- **PROBLEM DETAILS**:
All lines from the one with "2. Once you" to the end of the data: return those exactly, and only those.

- **DATASET EXTRACT**:

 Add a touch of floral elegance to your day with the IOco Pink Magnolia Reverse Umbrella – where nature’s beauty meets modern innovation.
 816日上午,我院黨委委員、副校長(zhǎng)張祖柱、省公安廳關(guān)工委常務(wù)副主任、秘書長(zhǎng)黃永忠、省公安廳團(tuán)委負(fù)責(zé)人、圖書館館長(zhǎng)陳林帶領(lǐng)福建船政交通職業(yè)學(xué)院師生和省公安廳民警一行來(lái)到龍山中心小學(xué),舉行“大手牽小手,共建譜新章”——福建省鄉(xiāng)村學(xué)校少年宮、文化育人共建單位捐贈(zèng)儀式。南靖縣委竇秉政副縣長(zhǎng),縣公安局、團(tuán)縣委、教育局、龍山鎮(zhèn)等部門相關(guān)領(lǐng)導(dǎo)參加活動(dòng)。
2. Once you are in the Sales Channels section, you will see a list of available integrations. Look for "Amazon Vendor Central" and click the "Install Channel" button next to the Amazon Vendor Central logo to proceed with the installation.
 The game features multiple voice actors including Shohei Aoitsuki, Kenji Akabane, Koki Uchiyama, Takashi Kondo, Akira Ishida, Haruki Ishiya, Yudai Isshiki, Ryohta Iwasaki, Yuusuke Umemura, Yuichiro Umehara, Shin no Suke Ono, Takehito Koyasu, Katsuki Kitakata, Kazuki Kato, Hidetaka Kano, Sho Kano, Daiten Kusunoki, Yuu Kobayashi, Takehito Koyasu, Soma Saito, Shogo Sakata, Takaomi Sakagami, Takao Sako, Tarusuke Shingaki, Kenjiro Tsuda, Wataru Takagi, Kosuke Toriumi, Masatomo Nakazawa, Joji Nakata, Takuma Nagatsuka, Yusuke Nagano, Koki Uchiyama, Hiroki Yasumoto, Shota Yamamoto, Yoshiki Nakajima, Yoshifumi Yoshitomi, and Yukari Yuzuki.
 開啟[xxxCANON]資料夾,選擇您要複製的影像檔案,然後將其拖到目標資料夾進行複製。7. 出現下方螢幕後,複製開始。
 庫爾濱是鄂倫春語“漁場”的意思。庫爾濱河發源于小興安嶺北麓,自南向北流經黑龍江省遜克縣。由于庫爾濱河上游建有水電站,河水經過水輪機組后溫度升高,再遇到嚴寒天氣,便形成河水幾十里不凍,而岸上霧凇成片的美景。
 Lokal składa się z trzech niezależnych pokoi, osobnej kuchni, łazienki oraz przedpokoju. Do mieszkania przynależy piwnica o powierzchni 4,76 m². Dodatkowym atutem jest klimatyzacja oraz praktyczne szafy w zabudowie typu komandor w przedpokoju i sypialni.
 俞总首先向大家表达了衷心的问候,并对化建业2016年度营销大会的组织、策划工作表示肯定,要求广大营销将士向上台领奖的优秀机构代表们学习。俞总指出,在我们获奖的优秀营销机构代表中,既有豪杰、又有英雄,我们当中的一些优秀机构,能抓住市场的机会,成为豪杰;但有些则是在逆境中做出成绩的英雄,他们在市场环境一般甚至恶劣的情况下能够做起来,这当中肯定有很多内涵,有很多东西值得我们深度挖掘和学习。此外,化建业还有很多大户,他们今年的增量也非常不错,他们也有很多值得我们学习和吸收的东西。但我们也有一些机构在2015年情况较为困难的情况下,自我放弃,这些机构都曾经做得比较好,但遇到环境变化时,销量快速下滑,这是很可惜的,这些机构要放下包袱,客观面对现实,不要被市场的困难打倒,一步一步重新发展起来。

- **RESPONSE AREA**:
2. Once you are in the Sales Channels section, you will see a list of available integrations. Look for "Amazon Vendor Central" and click the "Install Channel" button next to the Amazon Vendor Central logo to proceed with the installation.
 The game features multiple voice actors including Shohei Aoitsuki, Kenji Akabane, Koki Uchiyama, Takashi Kondo, Akira Ishida, Haruki Ishiya, Yudai Isshiki, Ryohta Iwasaki, Yuusuke Umemura, Yuichiro Umehara, Shin no Suke Ono, Takehito Koyasu, Katsuki Kitakata, Kazuki Kato, Hidetaka Kano, Sho Kano, Daiten Kusunoki, Yuu Kobayashi, Takehito Koyasu, Soma Saito, Shogo Sakata, Takaomi Sakagami, Takao Sako, Tarusuke Shingaki, Kenjiro Tsuda, Wataru Takagi, Kosuke Toriumi, Masatomo Nakazawa, Joji Nakata, Takuma Nagatsuka, Yusuke Nagano, Koki Uchiyama, Hiroki Yasumoto, Shota Yamamoto, Yoshiki Nakajima, Yoshifumi Yoshitomi, and Yukari Yuzuki.
 開啟[xxxCANON]資料夾,選擇您要複製的影像檔案,然後將其拖到目標資料夾進行複製。7. 出現下方螢幕後,複製開始。
 庫爾濱是鄂倫春語“漁場”的意思。庫爾濱河發源于小興安嶺北麓,自南向北流經黑龍江省遜克縣。由于庫爾濱河上游建有水電站,河水經過水輪機組后溫度升高,再遇到嚴寒天氣,便形成河水幾十里不凍,而岸上霧凇成片的美景。
 Lokal składa się z trzech niezależnych pokoi, osobnej kuchni, łazienki oraz przedpokoju. Do mieszkania przynależy piwnica o powierzchni 4,76 m². Dodatkowym atutem jest klimatyzacja oraz praktyczne szafy w zabudowie typu komandor w przedpokoju i sypialni.
 俞总首先向大家表达了衷心的问候,并对化建业2016年度营销大会的组织、策划工作表示肯定,要求广大营销将士向上台领奖的优秀机构代表们学习。俞总指出,在我们获奖的优秀营销机构代表中,既有豪杰、又有英雄,我们当中的一些优秀机构,能抓住市场的机会,成为豪杰;但有些则是在逆境中做出成绩的英雄,他们在市场环境一般甚至恶劣的情况下能够做起来,这当中肯定有很多内涵,有很多东西值得我们深度挖掘和学习。此外,化建业还有很多大户,他们今年的增量也非常不错,他们也有很多值得我们学习和吸收的东西。但我们也有一些机构在2015年情况较为困难的情况下,自我放弃,这些机构都曾经做得比较好,但遇到环境变化时,销量快速下滑,这是很可惜的,这些机构要放下包袱,客观面对现实,不要被市场的困难打倒,一步一步重新发展起来。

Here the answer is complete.